先生の秘密


「本庄さんって、面白いね」


「いやー、そんなことはないと…」


へらり、と愛想笑いを浮かべる。


何となく、学校での雰囲気と違い、接しにくい。


学校ではどちらかと言うと、隙のない完璧なキャリアウーマン風の女性だと思っていたのだが、今は親切な近所のお姉さんみたいだ。
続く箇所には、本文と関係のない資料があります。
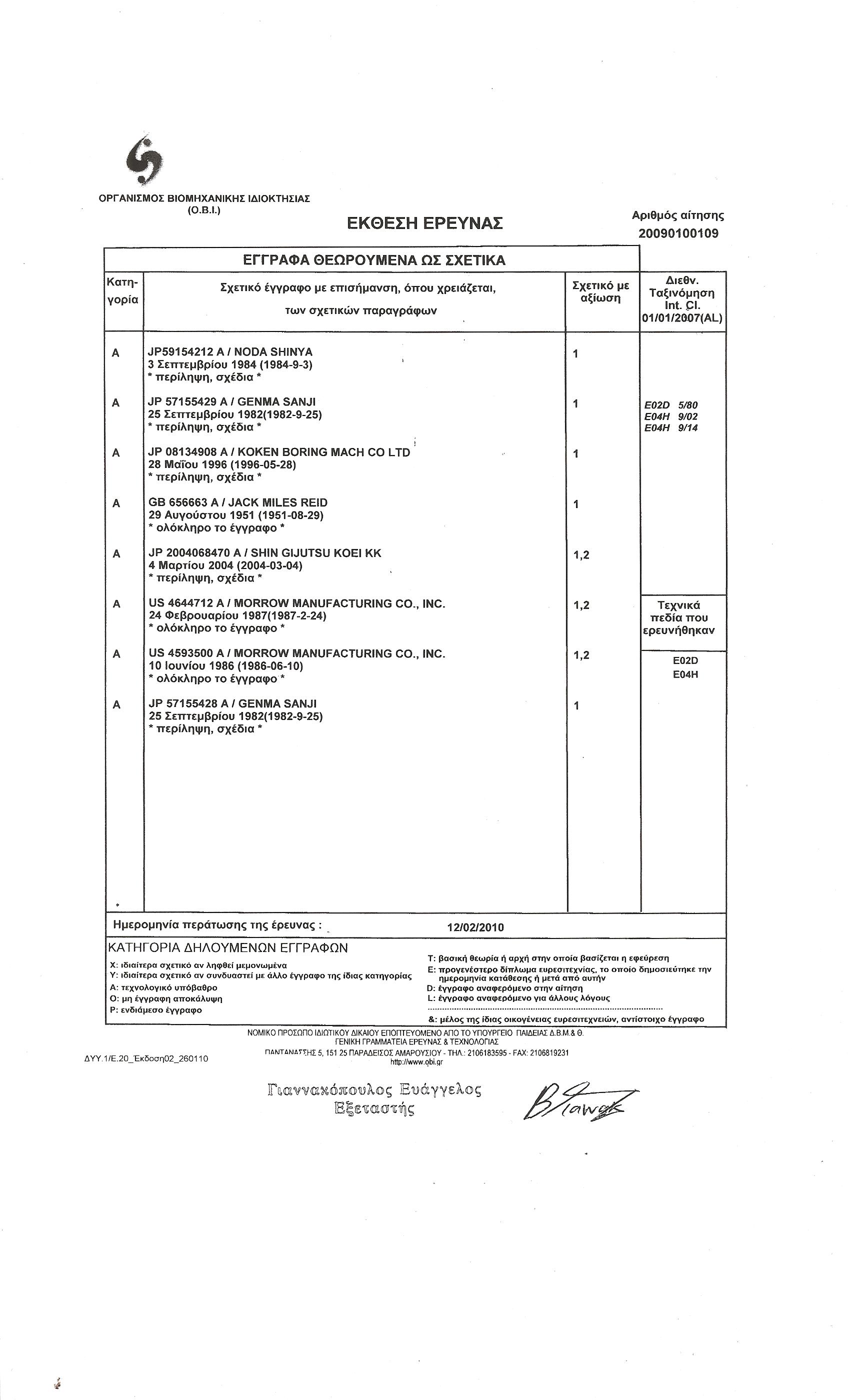 Φίλοι μου. Η ευρεσιτεχνία πέρασε την έκθεση έρευνας στην Ελλάδα,(μετά από έρευνα σε όλο τον κόσμο) με το γράμμα ( Α )
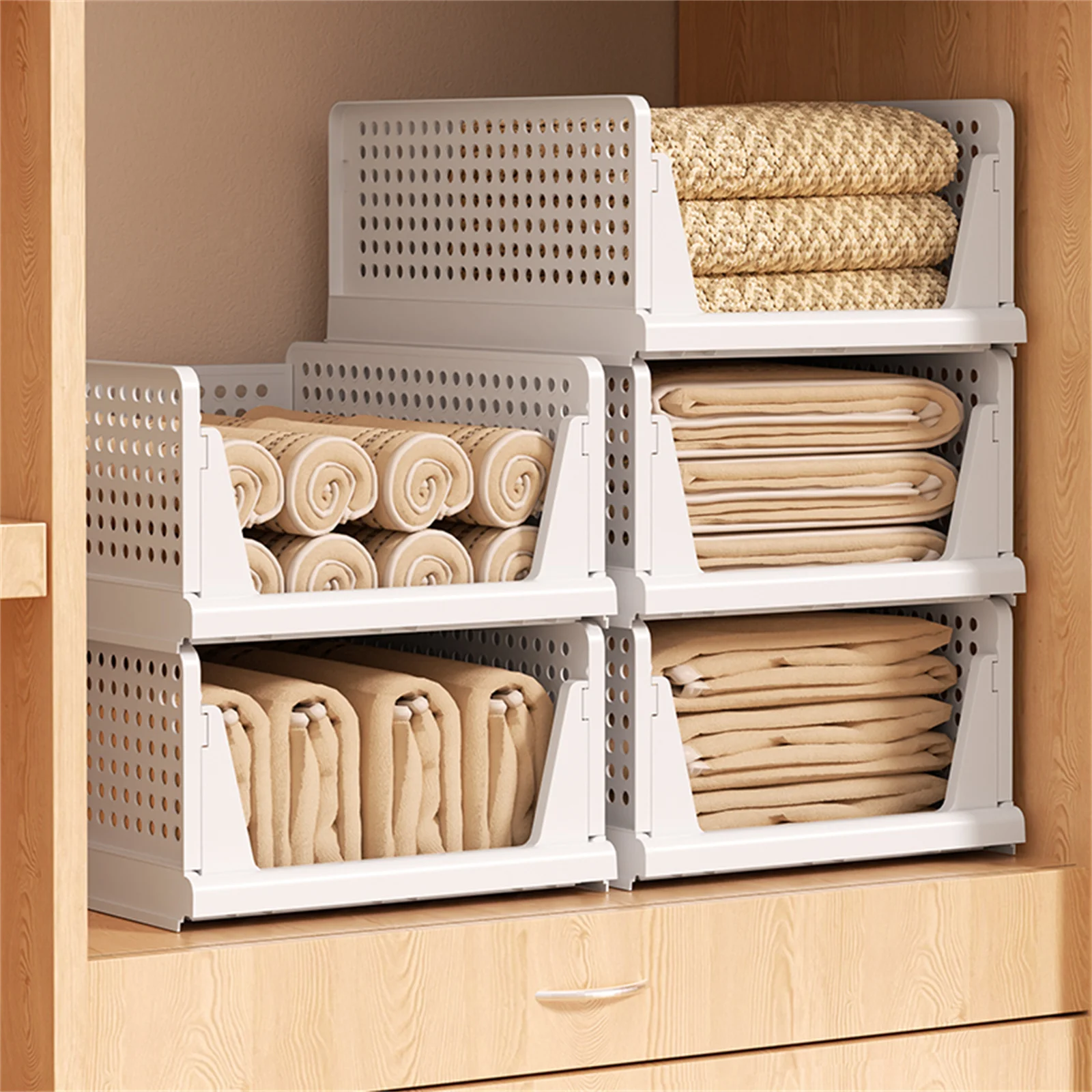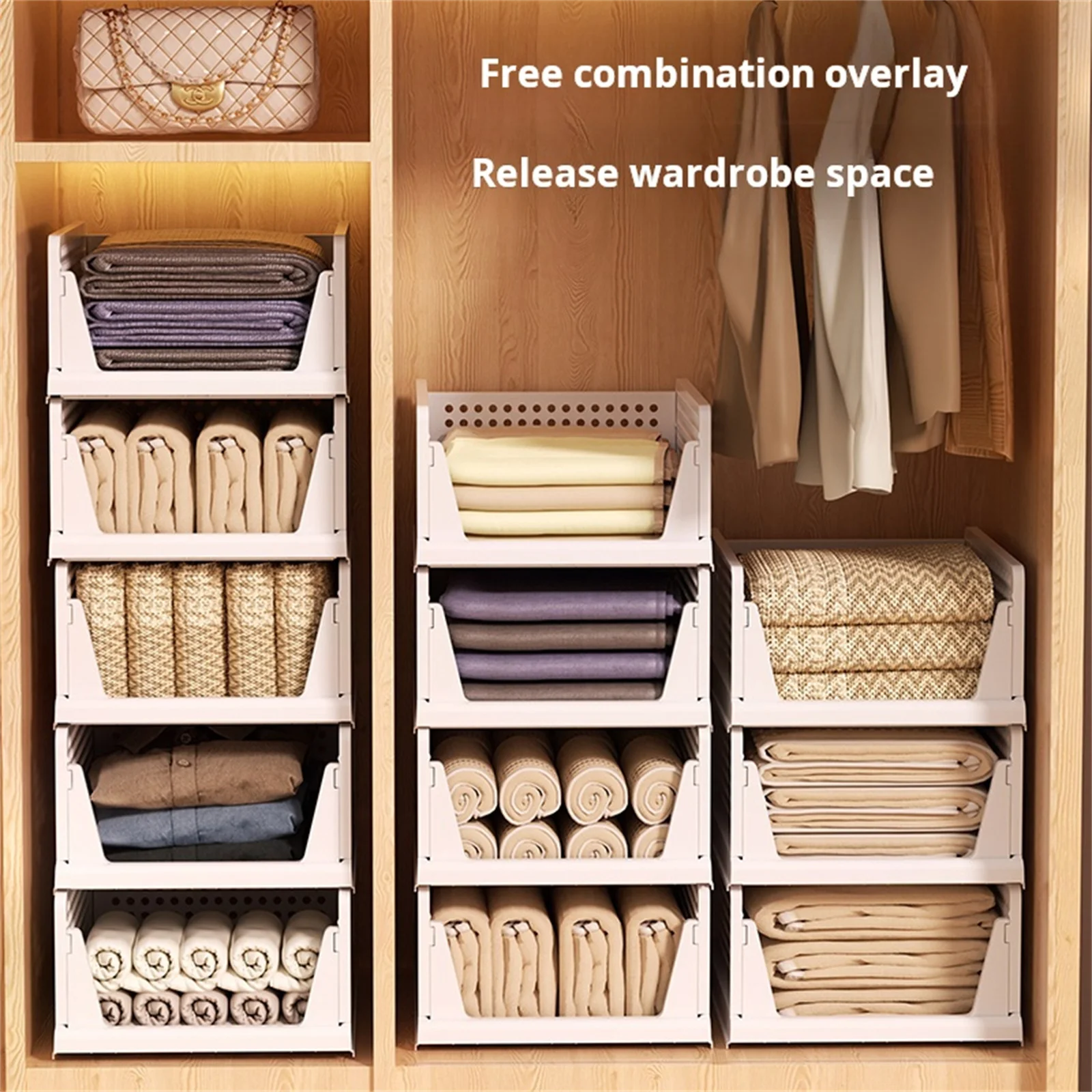 Clothes storage baskets can be stacked with drawer storage baskets, wardrobes, layered partitions, and pull-out folding storage
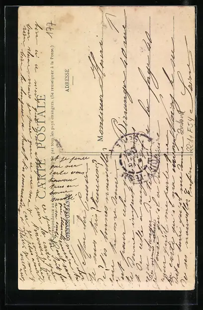 Personenbezogene Daten auf der Rückseite der Karte wurden durch blauen Textmarker unkenntlich gemacht. Die blauen Stellen sind auf die Vorderseite durchgeweicht und wirken sich negativ auf das Postkartenfoto aus

いや、イチゴ牛乳買ってもらったくらいで、短絡的だとは思うんだけど。


「私、今と学校じゃ違うって、思ってる?」


「え」


自分の持つイチゴ牛乳のパックにストローを差しながら、先輩はこともなげに言った。


思わず、顔に出てしまっていただろうか、と顔をさすって、先輩がこちらを見ていることに気づいた。


何を考えているのか分からない無表情だ。


まるで、その表情が誰かに似ていて…


「いいのいいの。よく人に言われるから」


にかり、と学校じゃ見せないような純粋な笑顔を浮かべる。


「何て言うのかな。学校じゃキャラを作っているっていうのか、いや今も作ってるって言ったらそうなるんだろうけどさ」


言葉を選びながら話しているようで、視線をさ迷わせている。